Que los seres humanos, que cualquier persona que se acerque a nosotros pueda descubrir que la tratamos (o que desearíamos tratarla) con el mismo afecto con el que tratamos la Eucaristía.

Que la Eucaristía sea vuestra escuela. Todo lo que un sacerdote necesita saber, todo lo que un sacerdote necesita aprender para comunicar a los demás, para vivir bien su sacerdocio, para gozar inmensamente con su sacerdocio, a pesar de nuestras pequeñeces y de nuestros límites, es dejarse enseñar por la celebración de la Eucaristía. Dejarse enseñar por ese Misterio grande, del que se nos da la gracia de poder estar tan cerca que todo en ella nos enseña: nos enseñan las palabras que decimos en la consagración. Sólo con que nos aprendiéramos esas palabras y las hiciéramos carne de nuestra carne, vida de nuestra vida, tendríamos todo el secreto de la misión y de la vida y del ministerio de un sacerdote. E incluso cuando uno da la comunión, ¿no está uno como servidor, alimentando a la Esposa, alimentando a la familia del Señor? Hacedlo con la conciencia de que realmente estáis sirviendo a la mesa a la Esposa amada de Cristo, que es la Iglesia. Sentíos siervos, y gozosos de serlo, como el Señor se sintió gozoso de lavar los pies de sus discípulos. En cada Eucaristía el Señor nos da la ocasión de hacer un gesto semejante al de lavar los pies, e infinitamente expresivo: dar el Cuerpo de Cristo. Cuando uno ofrece el Cuerpo de Cristo recordando las palabras de la consagración, ofrecerse cada uno a sí mismo por los fieles a los que lo das, mi vida les pertenece, y en eso estará vuestra alegría.

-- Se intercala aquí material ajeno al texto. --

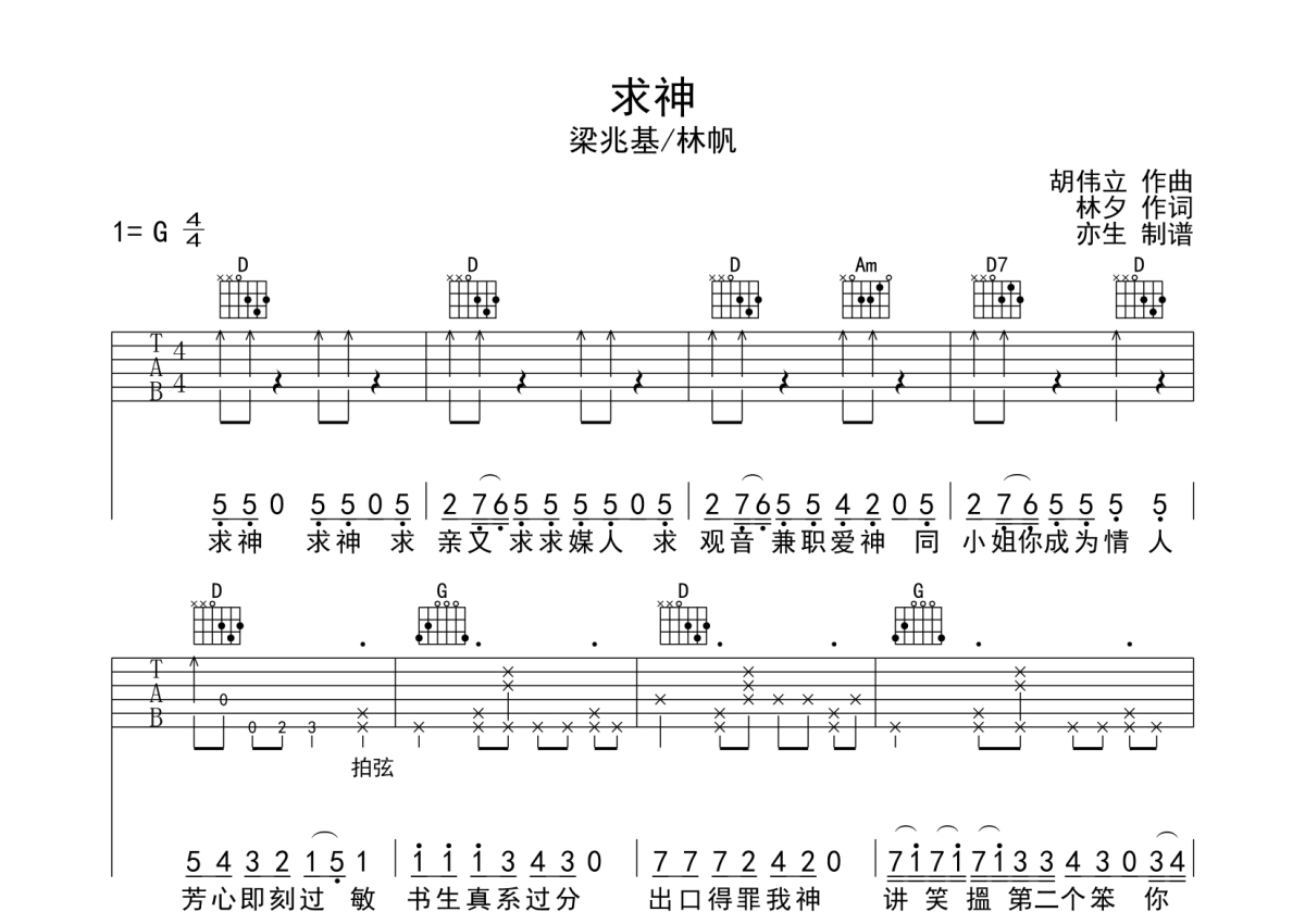 梁兆基/林帆《求神》吉他谱 - G调弹唱六线谱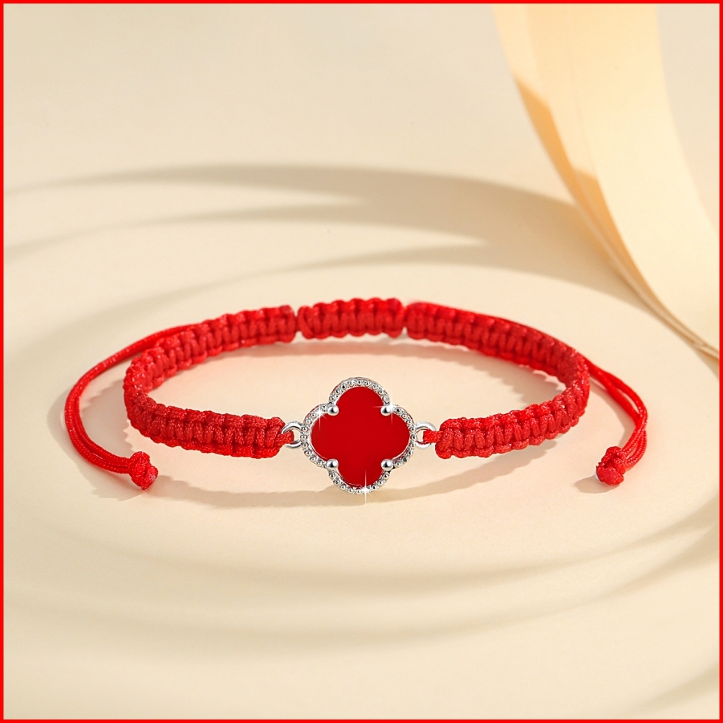 Lanme Jewelry Gelang Kepang Empat Daun Semanggi Stainless Steel Anti Luntur Aksesoris Fashion Wanita Dewasa Gelang Serut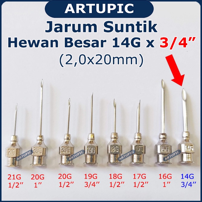 Jarum Suntik Hewan Besar 14G x 3/4 inch Vaksin Ternak Sapi Babi Kuda Vet Needle Stainless Steel

Adentraos en el misterio de la Eucaristía, y os aseguro que tendréis una alegría incomparablemente más grande que ninguna de las alegrías que pueda dar ninguna realidad humana, ni siquiera las más bellas. Al contrario, os permitirá reconocer esas otras alegrías como un signo también de la Presencia de Cristo, o de la promesa de Cristo, o de la gracia de Cristo, o del anhelo de Cristo que hay hasta en quienes están (o se creen que están) más lejos de Él.

Vamos a orar por vosotros, por el regalo que vuestras vidas, por el ministerio sacerdotal, serán para la Iglesia. E invocaremos a toda la Iglesia justamente como signo de que esto no es una celebración privada ni siquiera de la Diócesis de Granada, como cada Eucaristía. La Eucaristía no es nunca una celebración privada. Allí acontece lo que aconteció en el Gólgota. Misteriosamente, en cada Eucaristía se renueva todo el Amor de Cristo por el mundo entero. Y también se renueva ese Amor de Cristo esta mañana en cada uno de vosotros.